Over the past few quarters, Ericsson (ERIC - Free Report) has been diligently focusing on simplifying and stabilizing its businesses to generate a steady revenue stream and improve margins. Despite some definite improvements across most segments, the company has faced roadblocks in the Digital Services segment within the Business Support System (BSS) area. Ericsson now intends to reshape its BSS strategy and fine tune its business model to stem the losses in order to attain its profitability target for 2020.
Ericsson’s “cost and efficiency program” has been devised to generate higher cost savings. The company is focusing on structural changes that will help generate lasting efficiency gains and boost cost competitiveness. Ericsson has also increased investments in certain core areas while stabilizing its IT, cloud and project portfolio.
Although the company was able to generate lasting efficiency improvement in Digital Services by addressing half of the identified 45 critical and non-strategic projects and implementing strategic cost cuts, it failed to script a complete turnaround. This affected its segment margin and forced management to revert to the tried and tested business model within the BSS division.
Notably, BSS failed to generate any revenues by pursuing large transformation projects based on pre-integrated solutions and below-par performance of next-generation BSS platform — the full-stack Revenue Manager. Listless customer demand for a full-stack pre-integrated BSS solution and holdup in product and feature development rendered the Revenue Manager less competitive. As Revenue Manager gained in precedence, product releases in the established platform got hampered, leading to cost overruns and soft margins.
Consequently, management decided to stoke up investments in the established platform — Ericsson Digital BSS — while refocusing the full-stack Revenue Manager to fulfill existing customer commitments only. These include focus on competitive billing, charging, mediation, order management and catalog portfolio, while applying a selective approach to large transformation projects.
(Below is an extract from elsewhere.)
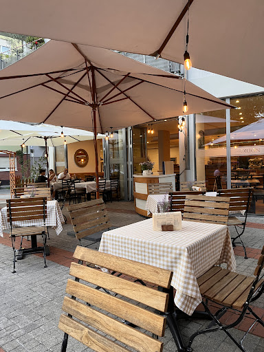 Ich weiß nicht wie die 5 Sterne Bewertungen zustandekommen, aber für mich war der Besuch eine reinste Katastrophe. Wir hatten einen Tisch für 18 Uhr bestellt, das war kein Problem. Der Aussenbeteich war gut besucht, unsere Bestellungen für 3 Personen wurden um 18:22 Uhr aufgenommen, bis auf die Tatsache das kein Weißwein mehr vorhanden war, war alles kein Problem, aber dann passsierte erst einmal gar nichts mehr. Gegen 18:50 Uhr haben wir dann unsere Getränke erhalten und genau 1h nach dem wir unsere Bestellung aufgegeben haben, haben wir endlich unsere Vorspeisen bekommen, ohne Teller und Besteck. Kurz darauf haben wir dann auch das Besteck und die Teller erhalten.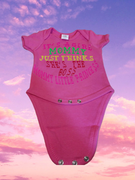 Size 0-3 months 100% cotton Pink Mommy just thinks she's the boss oneies

The restructuring exercise is likely to impact fourth-quarter 2018 operating income to the tune of SEK 6.1 billion. Ericsson anticipates that the reshaped BSS strategy would enable Digital Services to record recovery and stem the losses in 2019. It further expects to achieve segment operating margin (excluding restructuring) of low single-digit in 2020 and 10-12% in 2022.
This Zacks Rank #2 (Buy) stock has recorded an average return of 25.6% in the past year while the industry fell 4.3%.
Other players in the industry worth mentioning include Ubiquiti Networks, Inc. (UBNT - Free Report) , sporting a Zacks Rank #1 (Strong Buy), and PCTEL, Inc. (PCTI - Free Report) and Comtech Telecommunications Corp. (CMTL - Free Report) , carrying a Zacks Rank #2. You can see the complete list of today’s Zacks #1 Rank stocks here.
Ubiquiti has long-term earnings growth expectation of 14%. It surpassed earnings estimates thrice in the trailing four quarters, the average positive surprise being 11.3%.
PCTEL is currently trading at a forward P/E (F1) of 57.9x.
Comtech has long-term earnings growth expectation of 5%. It surpassed earnings estimates in each of the trailing four quarters, the average positive surprise being 252.3%.